Brief — Every line in the data below from the one containing "POMTOR 여름 여성 꽃무늬 면 린넨 롱 원피스 엄마 빅 사이즈 셔링 원피스" down to the one containing "Homemade cakes and", both included, must be retyped exactly; no other line is to appear.

The data —
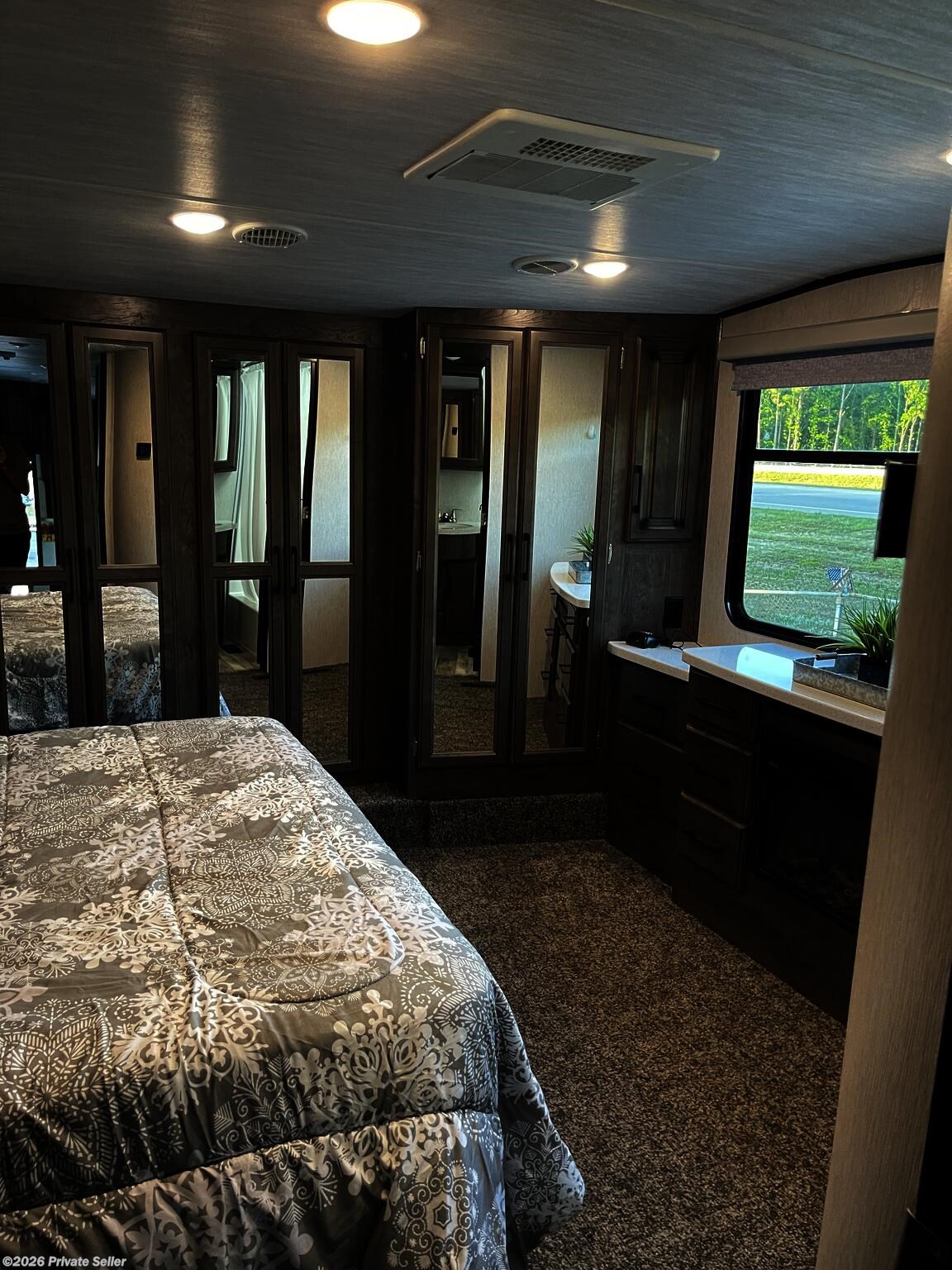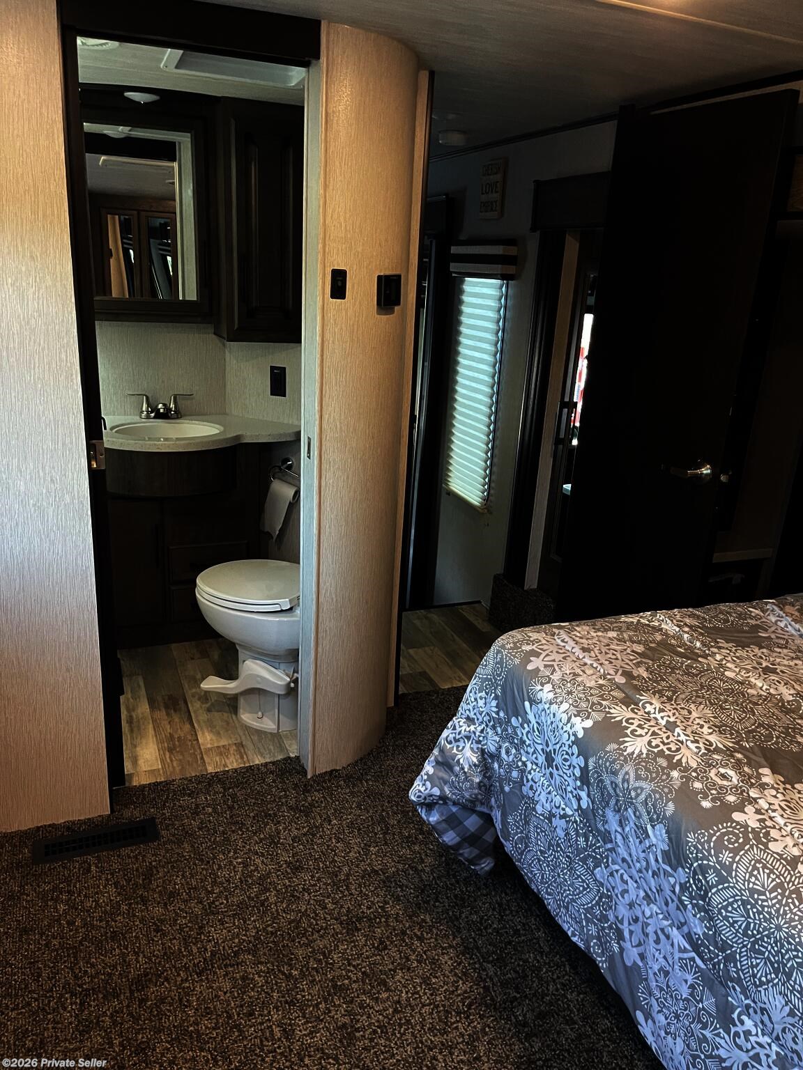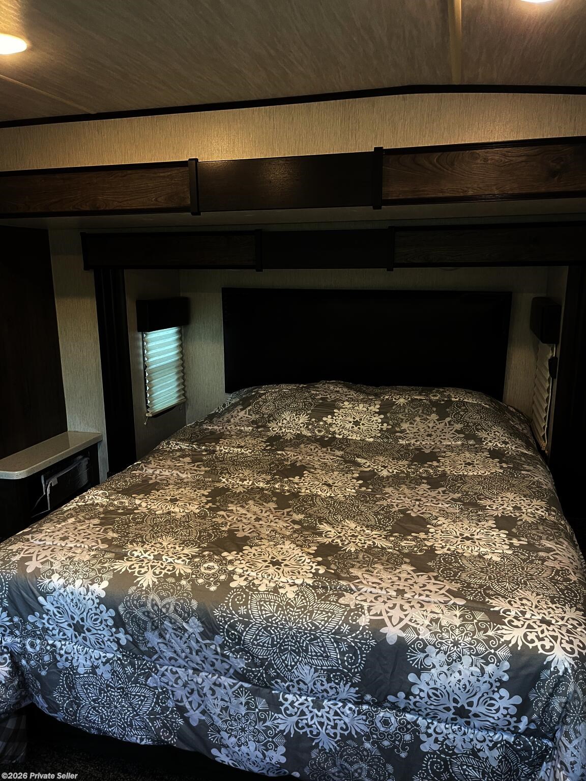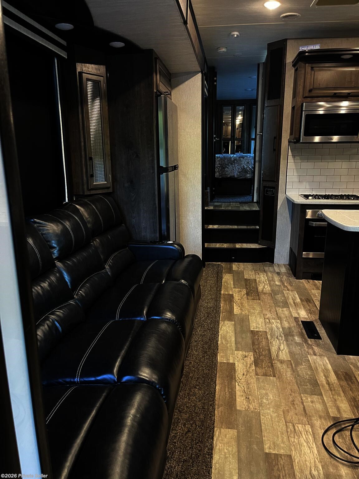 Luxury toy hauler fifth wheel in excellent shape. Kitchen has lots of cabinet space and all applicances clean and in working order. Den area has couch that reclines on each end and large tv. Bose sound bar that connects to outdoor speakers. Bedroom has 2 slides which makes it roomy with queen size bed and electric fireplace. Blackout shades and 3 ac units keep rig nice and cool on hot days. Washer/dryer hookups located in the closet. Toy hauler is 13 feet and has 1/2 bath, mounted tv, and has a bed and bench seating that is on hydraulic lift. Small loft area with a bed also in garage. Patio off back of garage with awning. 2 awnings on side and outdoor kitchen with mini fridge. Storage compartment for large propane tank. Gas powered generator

==

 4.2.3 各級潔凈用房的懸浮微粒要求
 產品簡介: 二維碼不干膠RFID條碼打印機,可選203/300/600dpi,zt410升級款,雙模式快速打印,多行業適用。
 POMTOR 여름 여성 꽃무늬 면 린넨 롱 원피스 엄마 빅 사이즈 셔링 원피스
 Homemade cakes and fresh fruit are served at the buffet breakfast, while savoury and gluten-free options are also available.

Answer box —
 POMTOR 여름 여성 꽃무늬 면 린넨 롱 원피스 엄마 빅 사이즈 셔링 원피스
 Homemade cakes and fresh fruit are served at the buffet breakfast, while savoury and gluten-free options are also available.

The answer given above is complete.